Modelle in Zwangsjacken

■ Krzysztof Gieraltowski: Porträtfotografie in der ifa-Galerie Friedrichstraße (Institut für Auslandsbeziehungen)

Ein polnischer Theaterregisseur mit einer Zeitung über seinem Kopf, die nur ein Auge freigibt; das Porträt eines Malers, nur Bart, Nase und zwei Stücke zerbrochenen Glases über den Augen; ein Theaterwissenschaftler mit einer um den Kopf gewickelten, schwarz eingefärbten Verbandsbinde; von einem Schriftsteller nur der verschwommene Eindruck von Kopf und Händen hinter einer Milchglasscheibe; von einem Rüstungsexperten nur die, in die Hände gestützte, zerfurchte Stirn...

Der polnische Porträtfotograf Krzysztof Gieraltowski, Jahrgang 1938, schmeichelt keineswegs der Eitelkeit seiner prominenten Landsleute, die ihm als Modelle dienen. Oft sind die gar nicht oder kaum wiederzuerkennen. Die Geste, die Aktion oder die Haltung unter der Drapierung steht für die Person des Porträtierten ein. Gieraltowskis Bildnisfotografien sind inszenierte Fotos.
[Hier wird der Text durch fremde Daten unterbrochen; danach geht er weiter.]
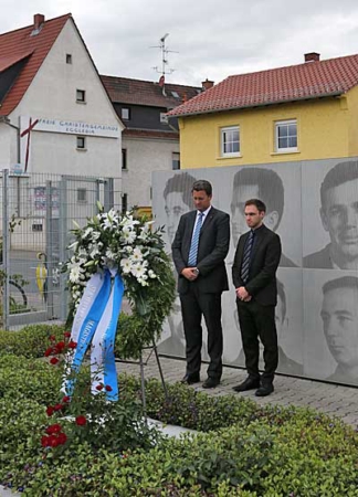 Di., 26. August 2014: Gedenkveranstaltung Oberbürgermeister Patrick Burghardt (l.) mit Bürgermeister Dennis Grieser Lynchmorde am 26.08.1944 in Rüsselsheim
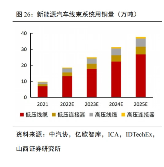 根据中汽协与亿欧智库数据,我国2021-2025年新能源汽车销量分别为352万辆、670 万辆、900 万辆、1130 万辆、1359 万辆。 根据 ICA 数据,传统汽车内燃机(ICE)用铜 23kg,混合电动汽车(HEV)用铜 40kg,插电混合电动汽车(PHEV)用铜 60kg,纯电动汽车(BEV)用铜 83kg,混合电动公交车(Ebus HEV)用铜 89kg,纯电动公交车(Ebus BEV)根据电池容量大小用铜量位于224-369kg 区间;我们采用 BEV 单车用铜量 83kg 进 行测算。 根据 IDTechEx 数据,新能源汽车用铜量中,电池占比48%,电机占比12%,高压线束占比6%,低压线束占比28%,其他占比6%;经测算,每辆新能源汽车低压线束用铜量为23.24kg,高压线束用铜量为4.98kg。 低压线束系统中,低压线缆(一般采用无氧铜丝)用铜量占比约85%,低压连接器(一般采用紫铜合金带材)用铜量占比约15%;高压线束系统中,高压线缆(一般采用退火纯铜)用铜量占比约75%,高压连接器(一般采用黄铜、磷青铜、铍青铜等铜合金)用铜量占比约15%;经测算,单车低压线缆用铜量约19.75kg,单车低压连接器用铜量约3.49kg,单车高压线缆用铜量约3.74kg,单车高压连接器用铜量约0.75kg。 根据百川盈孚数据,无氧铜丝软线、紫铜带、紫铜棒、磷铜合金、铍铜合金的2021年均价分别为6.94万元/吨、7.62万元/吨、7.43万元吨、7.21万元/吨、16.68万元/吨。 经测算,我国高压连接器用高端铜合金2022-2025年需求量为0.50/0.68/0.85/1.02万吨,2022-2025年我国新能源汽车线束系统用铜市场规模分别为137/184/230/277亿元。

Dabei gleicht die Inszenierung oft einer Versuchsanordnung, in der die Modelle ihre Persönlichkeit entlarven und ihre Individualität decouvrieren. Der abkonterfeite Mensch muß sich zu den Zumutungen irgendwie verhalten, die Gieraltowski ihm aufzwingt.

Das Modell wird schon mal im wahrsten Sinne des Wortes in eine Zwangsjacke gesteckt. Eine Stunde mußte der Balladensänger Przemyslaw Gintrowski in einer solchen schwarzgefärbten Zwangsjacke ausharren. Gieraltowski gab ihn nicht eher frei. Dann, als er schreiend die noch in den flatternden Enden der Jacke steckenden Arme hochreißt, da machte Gieraltowskis Kamera mit dem sicheren Gespür für das Typische ihr Bild.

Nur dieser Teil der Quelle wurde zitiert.